The series adds APIs for `CreateTable` and `UpdateTable` to add or remove vector indexes to Alternator tables, `DescribeTable` to list them and check the indexing status, and `Query` to perform a vector search - which contacts the vector store for the actual ANN (approximate nearest neighbor) search.
Correct functionality of these features depend on some features of the the vector store, that were already done (see https://github.com/scylladb/vector-store/pull/394).
This initial implementation is fully functional, and can already be useful, but we do not yet support all the features we hope to eventually support. Here are things that we have **not** done yet, and plan to do later in follow-up pull requests:
1. Support a new optimized vector type ("V") - in addition to the "list of numbers" type supported in this version.
2. Allow choosing a different similarity function when creating an index, by SimilarityFunction in VectorIndex definition.
3. Allow choosing quantization (f32/f16/bf16/i8/b1) to ask the vector index to compress stored vectors.
4. Support oversampling and rescoring, defined per-index and per-query.
5. Support HNSW tuning parameters — maximum_node_connections, construction_beam_width, search_beam_width.
6. Support pre-filtering over key columns, which are available at the vector store, by sending the filter to the vector store (translated from DynamoDB filter syntax to the vector's store's filter syntax). A decision still need to be made if this will use KeyConditionExpression or FilterExpression. This version supports only post-filtering (with `FilterExpression`).
7. Support projecting non-key attributes into the index (Projection=INCLUDE and Projection=ALL), and then 1. pre-filtering using these attributes, and 2. efficiently return these attributes (using Select=ALL_PROJECTED_ATTRIBUTES, which today returns just the key columns).
8. Optimize the performance of `Query`, which today is inefficient for Select=ALL_ATTRIBUTES because it serially retrieves the matching items one at a time.
9. Returning the similarity scores with the items (the design proposes ReturnVectorSearchSimilarity).
10. Add more vector-search-specific metrics, beyond the metric we already have counting Query requests. For example separate latency and request-count metrics for vector-search Queries (distinct from GSI/LSI queries), and a metric accumulating the total Limit (K) across all vector search queries.
11. Consider how (and if at all) we want to run the tests in test/alternator/test_vector.py that need the vector store in the CI. Currently they are skipped in CI and only run manually (with `test/alternator/run --vs test_vector`).
12. UpdateTable 'Update' operation to modify index parameters. Only some can be modified, e.g., Oversampling.
13. Support for "local index" (separate index for each partition).
14. Make sure that vector search and Streams can be enabled concurrently on the same table - both need CDC but we need to verify that one doesn't confuse the other or disables options that the other needs. We can only do this after we have Alternator Streams running on tablets (since vector store requires tablets).

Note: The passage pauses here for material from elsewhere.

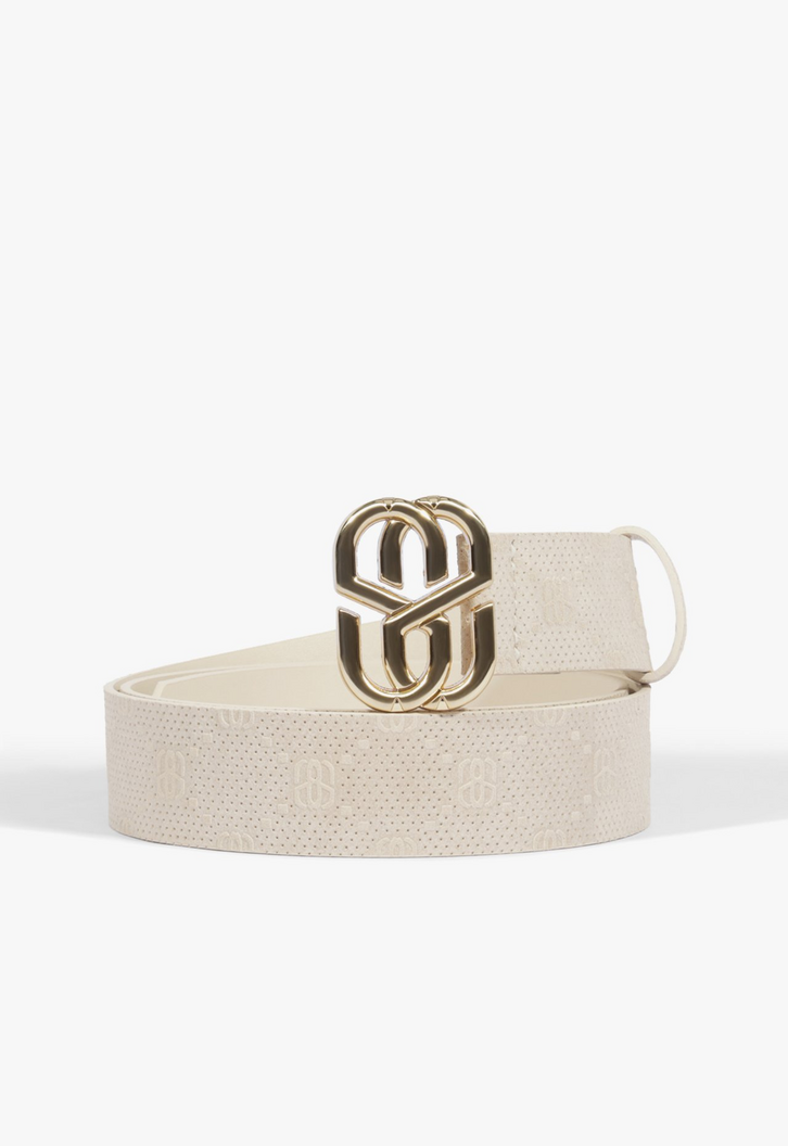 O cinto é aquele acessório capaz de transformar o look! Nesta versão, aparece com a charmosa e impactante fivela metalizada de SS – detalhe perfeito para as Schutz Lovers! A estampa de monograma traz um toque trendy ao modelo, reforçando a logomania de uma forma superelegante! Sabe aquela escolha certeira para deixar suas produções mais interessantes? É esse cinto branco de couro. Aposte! Dimensões: 3,5 CM. P:85 cm | M: 90 cm | G: 95 cm.

Testing the new Alternator vector search end-to-end requires running both Scylla and the vector store together. We will have such end-to-end tests in the vector store repository (see https://github.com/scylladb/vector-store/pull/392), but we also add in this pull request many end-to-end tests written in Python, that can be run with the command "test/alternator/run --vs test_vector.py". The "--vs" option tells the run script to run both Scylla and the vector store (currently assumed to be in `.../vector-store/target/release/vector-store`). About 65% of the tests in this pull request check supported syntax and error paths so can run without the vector store, while about 35% of the tests do perform actual Query operations and require the vector store to be running. Currently, the tests that do require the vector store will not get run by CI, but can be easily re-run manually with `test/alternator/run --vs test_vector.py`.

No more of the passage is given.